**RECORDS TO PROCESS**

↓

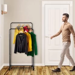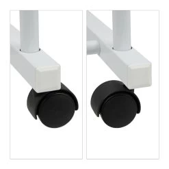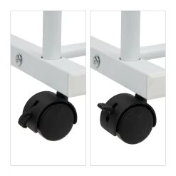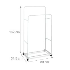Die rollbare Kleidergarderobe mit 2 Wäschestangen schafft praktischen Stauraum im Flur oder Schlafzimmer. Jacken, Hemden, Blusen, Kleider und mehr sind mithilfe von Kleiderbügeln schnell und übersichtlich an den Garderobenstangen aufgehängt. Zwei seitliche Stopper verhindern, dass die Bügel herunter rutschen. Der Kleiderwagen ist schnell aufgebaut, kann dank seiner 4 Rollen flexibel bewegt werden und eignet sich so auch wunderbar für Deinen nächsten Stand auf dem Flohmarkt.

↑
↓

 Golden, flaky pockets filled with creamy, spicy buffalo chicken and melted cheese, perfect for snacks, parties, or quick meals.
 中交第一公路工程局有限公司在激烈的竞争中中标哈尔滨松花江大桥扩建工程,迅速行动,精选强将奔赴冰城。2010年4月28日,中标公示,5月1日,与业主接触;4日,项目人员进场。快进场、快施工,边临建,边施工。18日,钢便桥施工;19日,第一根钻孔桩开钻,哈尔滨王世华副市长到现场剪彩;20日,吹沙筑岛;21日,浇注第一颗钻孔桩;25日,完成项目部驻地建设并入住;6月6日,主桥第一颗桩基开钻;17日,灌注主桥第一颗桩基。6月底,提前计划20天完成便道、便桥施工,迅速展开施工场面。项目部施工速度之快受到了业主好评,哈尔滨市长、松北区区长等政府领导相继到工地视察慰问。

↑
↓

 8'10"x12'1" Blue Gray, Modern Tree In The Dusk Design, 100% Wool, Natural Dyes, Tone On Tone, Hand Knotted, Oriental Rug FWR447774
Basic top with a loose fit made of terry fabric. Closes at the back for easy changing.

↑

**YOUR ASSIGNMENT**
Look through the entries above. Copy each line in which the string "with" occurs.

**TASK RESULT**
 Golden, flaky pockets filled with creamy, spicy buffalo chicken and melted cheese, perfect for snacks, parties, or quick meals.
Basic top with a loose fit made of terry fabric. Closes at the back for easy changing.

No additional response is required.